Design/methodology/approach
The study was carried out based on the daily price records of the NASDAQ financial asset during 2013–2017. TA approach was carried out under graphical analysis applying the standard MACD. GA approach took place by chromosome encoding, fitness evaluation and genetic operators. Traditional genetic operators (i.e. crossover and mutation) were adopted as based on the chromosome customization and fitness evaluation. The chromosome encoding stage used MACD to represent the genes of each chromosome to encode the parameters of MACD in a chromosome. For each chromosome, buy and sell indexes of the strategy were considered. Fitness evaluation served to defining the evaluation strategy of the chromosomes in the population according to the fitness function using the returns gained in each chromosome.
Findings
The paper provides empirical-theoretical insights about the effectiveness of GA to overcome the investment strategies based on MACD and B&H by achieving 5 and 11% higher returns per year, respectively. GA-based approach was additionally capable of improving the return-to-risk ratio of the investment.
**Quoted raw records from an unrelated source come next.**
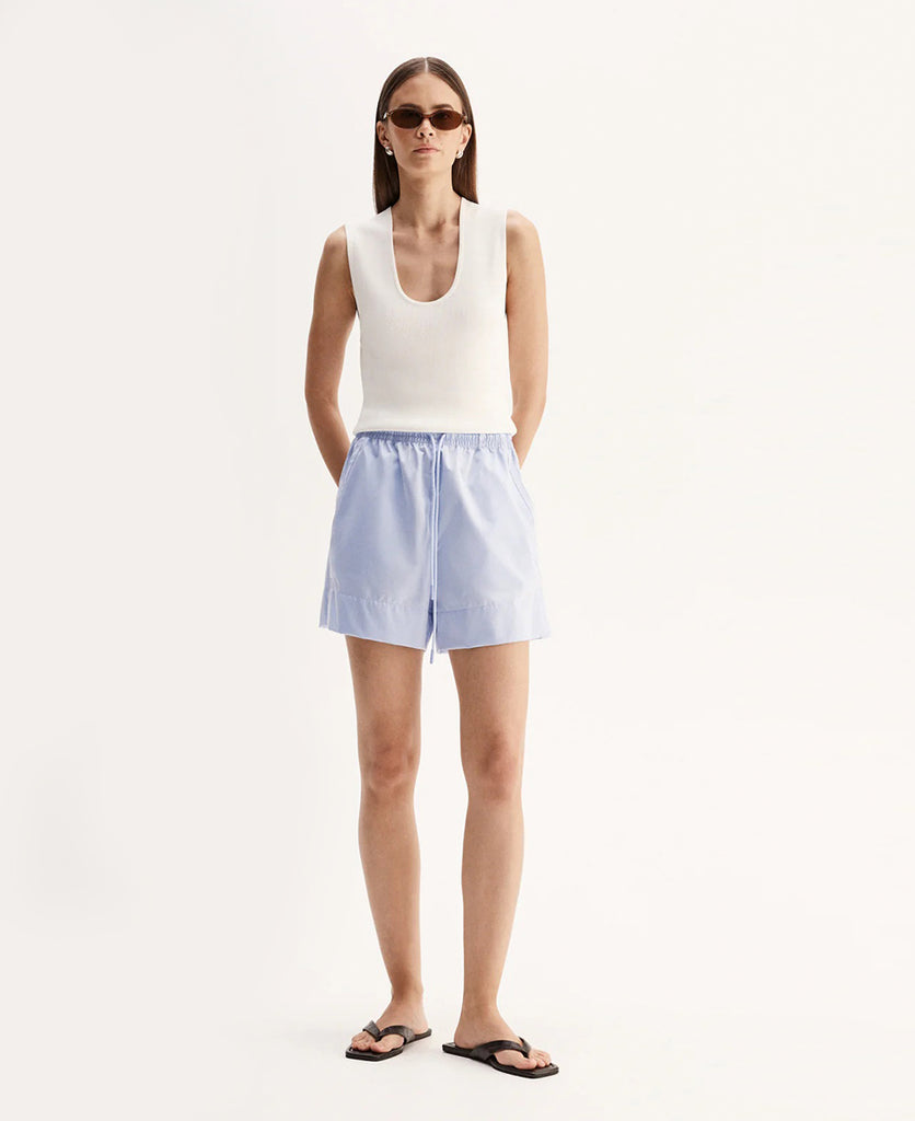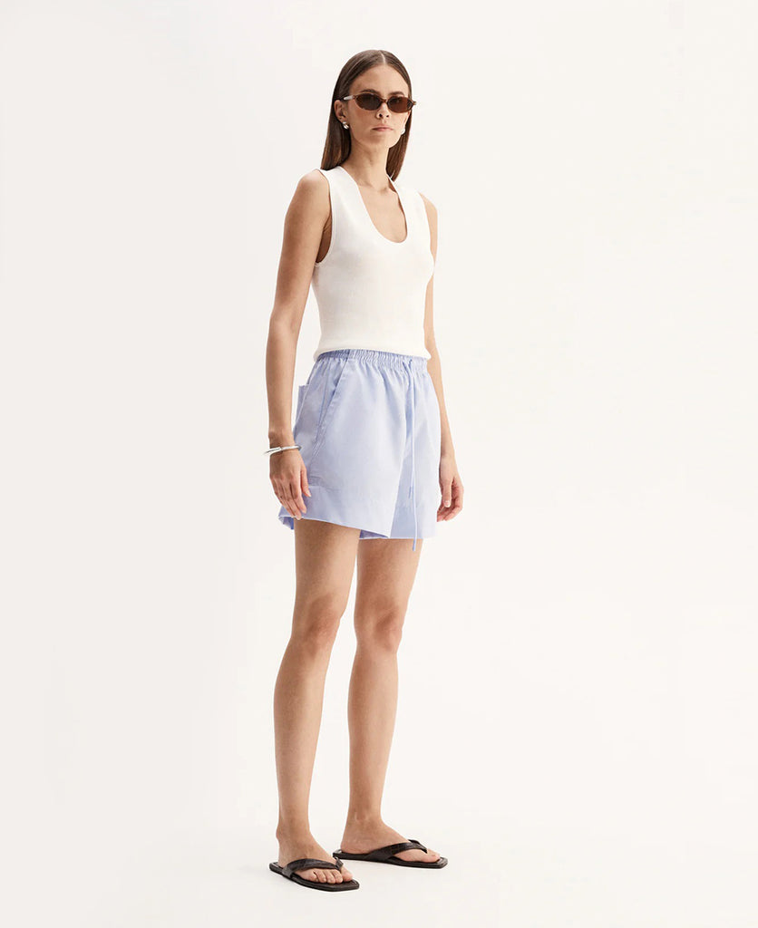 The Austin Short is a fresh summer wardrobe staple made of 100% cotton with a relaxed look and feel. These shorts have an elastic waistband with drawstring and functional side and back pockets. Wear with the matching Austin Shirt.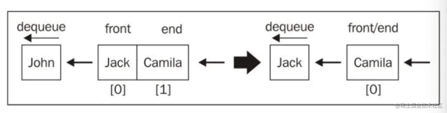 之后,我们用了两次dequeue方法来删除队列前面的成员:
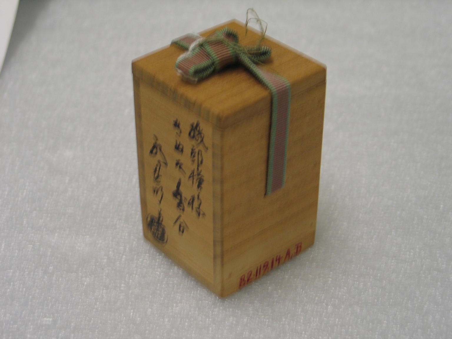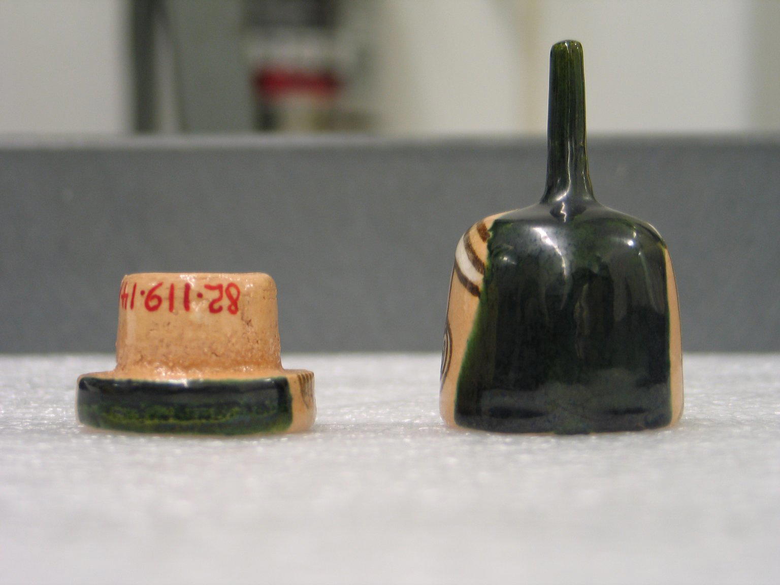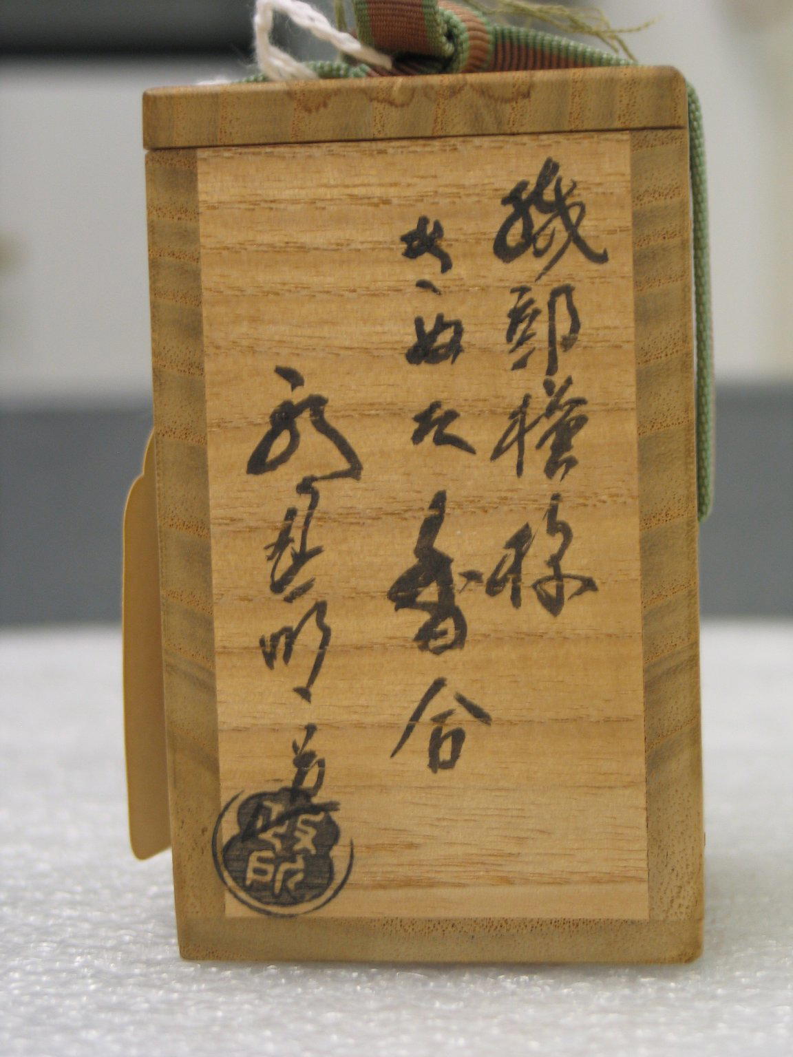 Goto Akimichi (Japanese). Incense Box, ca. 1965. Stoneware; Oribe ware, 2 7/8 x 1 3/8 in. (7.3 x 3.5 cm). Brooklyn Museum, Gift of Martin Greenfield, 82.119.14. (Photo: Brooklyn Museum)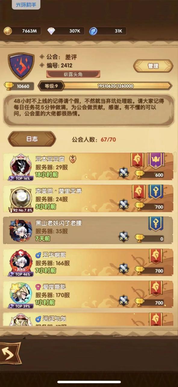 所以公会里的成员现在都知道怎么玩,共同努力之下,我们公会在合区后还能排到第七。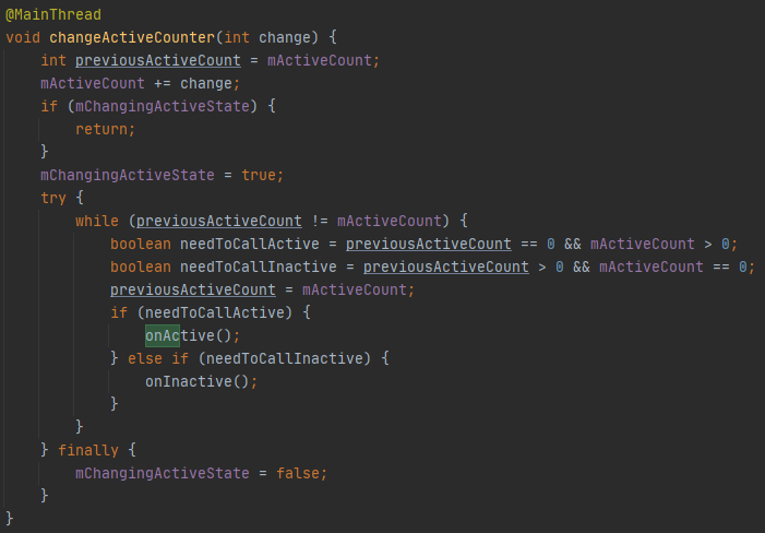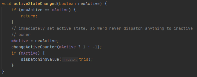 이를 통해 현재 상태와 새로들어운 newActive상태가 같다면, 즉 옵저버의 수가 같다면 즉시 return해주고, 다른 경우 mActive에 newActive값(boolean)을 넣어줍니다. 그리고 changeActiveCounter()에서 mActive값에 True이면 1 , False이면 -1을 넣어줍니다. 이를 통해 옵저버의 개수를 증가 시키거나, 감소시켜줍니다.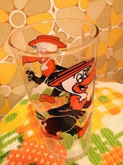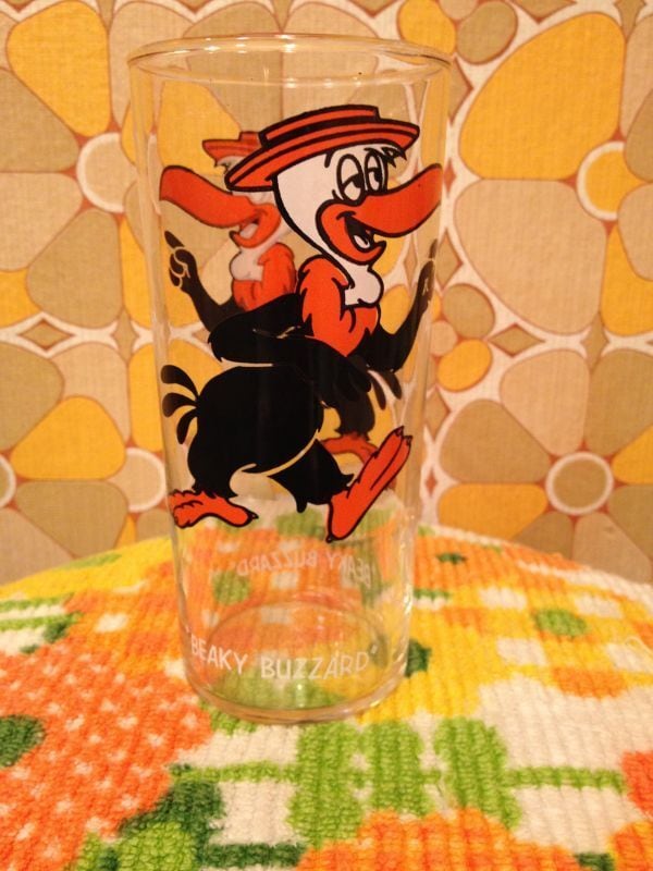 70's USA DEAD STOCK未使用のお大きめグラスです。ファニーなトリさんの表情が可愛いですね。オレンジとブラックのカラーリングも素敵です。若干のプリントロスがありますが目立つダメージはありません。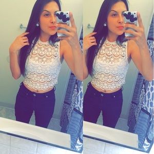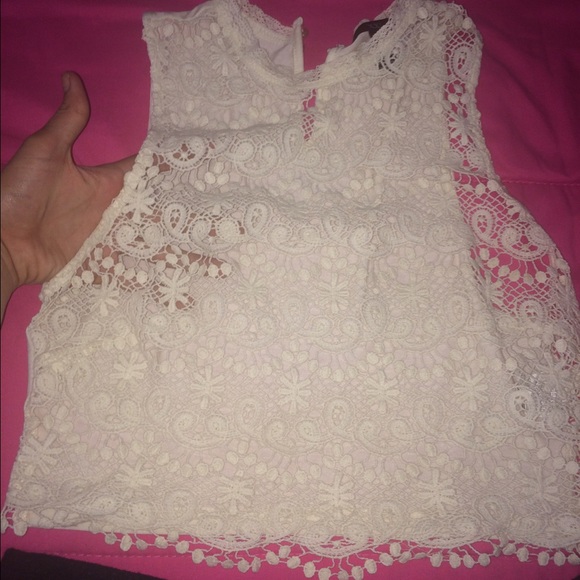 Crochet, shows a lot, high neck, crop top. Kinda like a halter top. Super cute for summer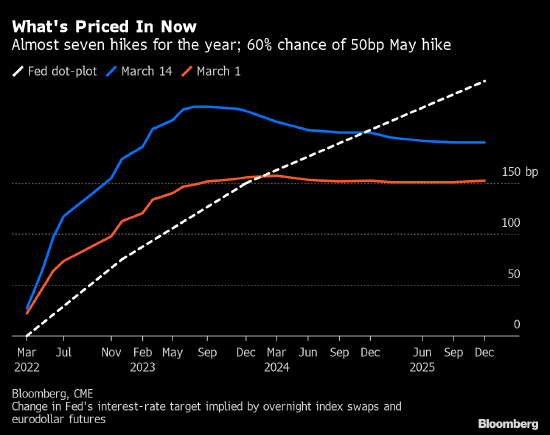 上次隔夜指数掉期市场消化如此多的加息预期还是在2月11日,因此前一天公布的1月美国消费者价格指数(CPI)升幅高于预期,促使投资者押注美联储会采取更加鹰派的政策。

Research limitations/implications
Limitations deal with the fact that the study was carried out on US markets conditions and data which hamper its application in some extend to markets with not as much development.
Practical implications
The findings suggest that not only skilled but also amateur investors may opt for investment strategies based on GA aiming at refining profitable financial signals to their advantage.
Originality/value
This paper looks at machine learning as an up-to-date tool with great potential for increasing effectiveness in profits when applied into TA investment approaches using MACD in well-developed stock markets.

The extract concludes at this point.